> _Entries supplied_:
________________________
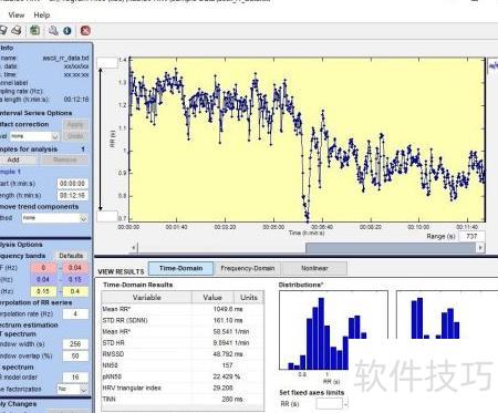启动Kubios HRV软件,完成设置后导入RR间期数据,即可开展心率变异性分析。
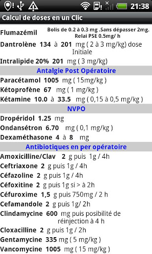 Hypnotiques , Curares , Morphiniques, Antidotes, Médicaments de l'urgence, AiVOC , Anesthésiques Locaux, NVPO, Calculs de doses en 1 Clic,Normes de laboratoires, Halogénés et calcul de CAM,équivalences médicamenteuses,Antibioprophylaxie, Anti hypertenseurs, Antalgiques ....
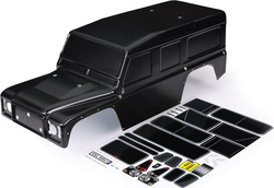 Náhradný diel pre RC modely áut Traxxas na podvozku TRX4: karoséria Land Rover Defender čierna s obtlačkami. Pre rázvor náprav 324mm.
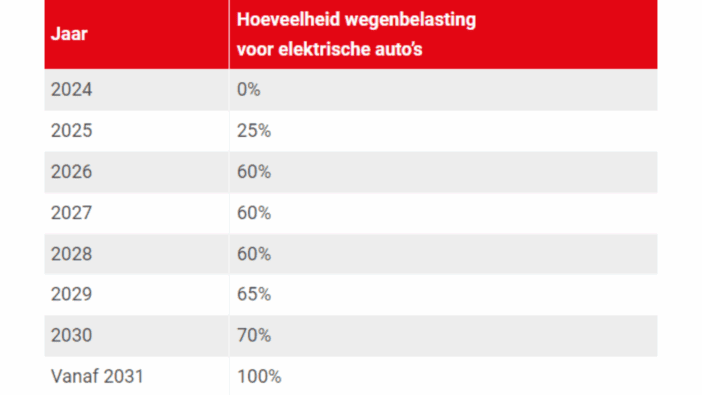 Op dit moment zijn elektrische auto’s nog vrijgesteld van motorrijtuigenbelasting, oftewel wegenbelasting. Maar dat verandert binnenkort. Vanaf 2025 zullen eigenaren van elektrische voertuigen ook wegenbelasting gaan betalen. Het eerste jaar krijgen ze nog een korting van 75 procent, maar deze wordt in de jaren daarna geleidelijk afgebouwd.
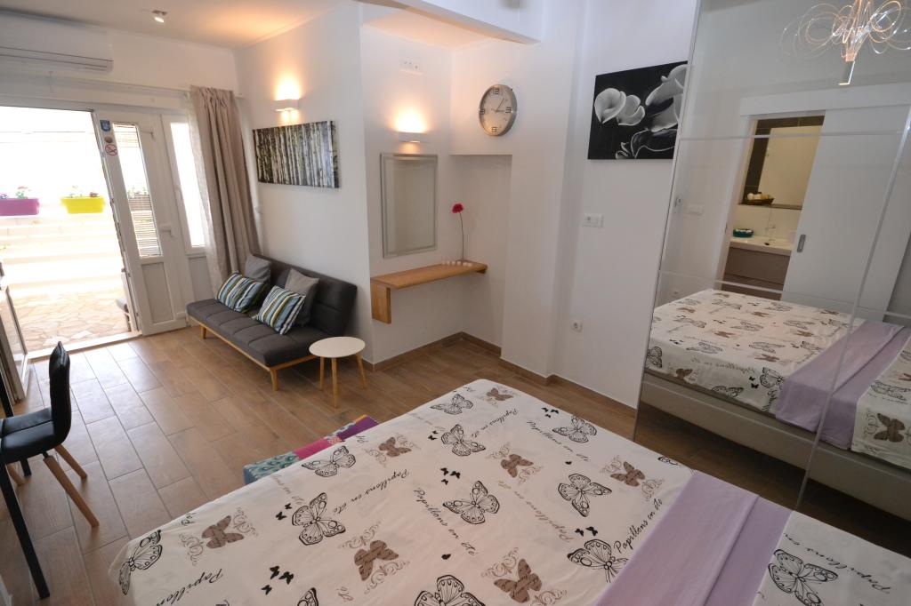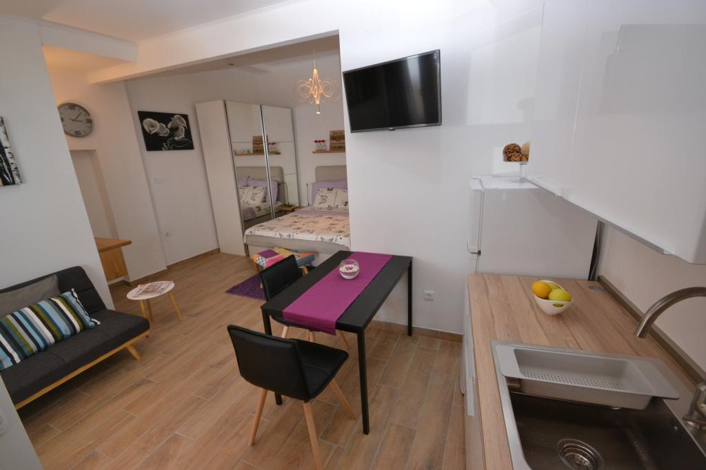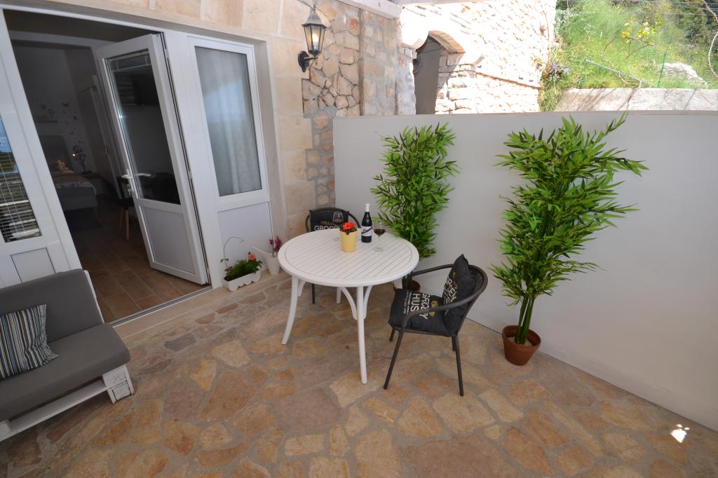 W pełni umeblowane apartamenty w małej wiosce pięć kilometrów od Bol, z pięknym widokiem na Brac-Hvar kanału, pięć minut spacerem od pięknej, piaszczystej plaży, w cieniu starych sosen.
________________________
> _Exercise aim_: Respond with the exact lines above running from the one containing "Hypnotiques , Curares" to the one containing "Náhradný diel pre", both ends kept and no pictures included.

> _Solution to the exercise_:
 Hypnotiques , Curares , Morphiniques, Antidotes, Médicaments de l'urgence, AiVOC , Anesthésiques Locaux, NVPO, Calculs de doses en 1 Clic,Normes de laboratoires, Halogénés et calcul de CAM,équivalences médicamenteuses,Antibioprophylaxie, Anti hypertenseurs, Antalgiques ....
 Náhradný diel pre RC modely áut Traxxas na podvozku TRX4: karoséria Land Rover Defender čierna s obtlačkami. Pre rázvor náprav 324mm.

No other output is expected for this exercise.